RALPH WALDO EMERSON.
From a photograph by Black, Boston.
Here you see the man “in his habit as he lived,” (and as thousands of lecture-audiences saw him,) pictured in the old photograph which illustrates this chapter. Here is the familiar décor of the photographer’s studio: the curtain draped with a cord and tassel, the muslin screen background, and probably that hidden instrument of torture, the “head-rest,” behind the tall, posed figure. Here are the solemn “swallow-tail coat,” the conventional cravat, and the black satin waistcoat. Yet even this antique “carte de visite,” it seems to me, suggests something more and greater,—the imperturbable, kindly presence, the noble face, the angelic look, the serene manner, the penetrating and revealing quality of the man who set out to be “a friend to all who wished to live in the spirit.”
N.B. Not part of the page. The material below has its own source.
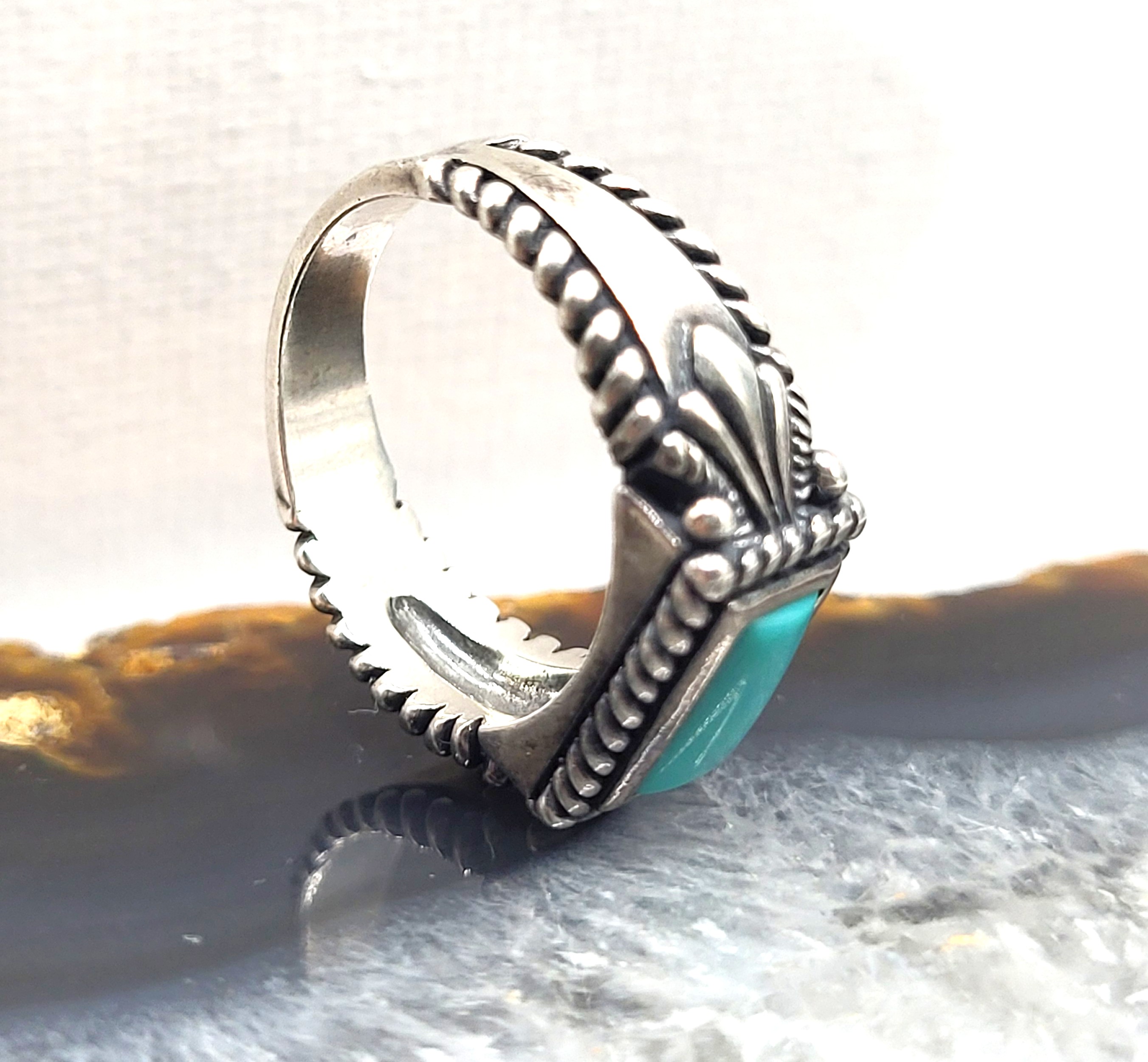 This sterling silver ring design precedes the ‘stacker’ style ring by decades, but it is so simply sophisticated and modern, it may just as well be called a stacker ring. Cast in sterling silver and set with an approximate 8mm x 3mm elongated cabochon of genuine* turquoise, the ring is subtly decorated with iconic Southwestern designs. Abraided borders accentuates the turquoise and the smooth tapered shank has epaulette shoulders and twisted rope borders. The ring is US size 8. The under gallery bears the Caroly Pollock-Relios hallmark and sterling silver mark. AdminCode: 33120/16.i

Whatever the titles of his lectures,—Man the Reformer, The Method of Nature, The Conduct of Life, Fate, Compensation, Prudence, The Present Age, Society and Solitude,—his main theme is always the same, “namely the infinitude of the private man.” But this private man of Emerson’s, mark you, is linked by invisible ties to all Nature and carries in his breast a spark of the undying fire which is of God. Hence he is at his best when he feels not only his personal unity but also his universal community, when he relies on himself and at the same time cries
“I yield myself to the perfect whole.”
This kind of independence is the truest form of obedience.
The charm of Emerson’s way of presenting his thought comes from the spirit of poetry in the man. He does not argue, nor threaten, nor often exhort; he reveals what he has seen or heard, for you to make what you will of it. He relies less on syllogisms than on imagery, symbols, metaphors. His utterance is as inspirational as the ancient oracle of Delphi, but he shuns the contortions of the priestess at that shrine.
The clearness and symmetry of his sentences, the modulations of his thrilling voice, the radiance of his fine features and his understanding smile, even his slight hesitations and pauses over his manuscript as he read, lent a singular attraction to his speech. Those who were mistrustful of his views on theology and the church, listened to him with delight when he poetized on art, politics, literature, human society and the natural world. To the finest men and women of America in the mid-Victorian epoch he was the lecturer par excellence, the intellectual awakener and liberator, the messenger calling them to break away from dull, thoughtless, formal ways of doing things, and live freely in harmony with the laws of God and their own spirit. They heard him gladly.
I wonder how he would fare to-day, when lecturers, male or female, have to make a loud noise to get a hearing.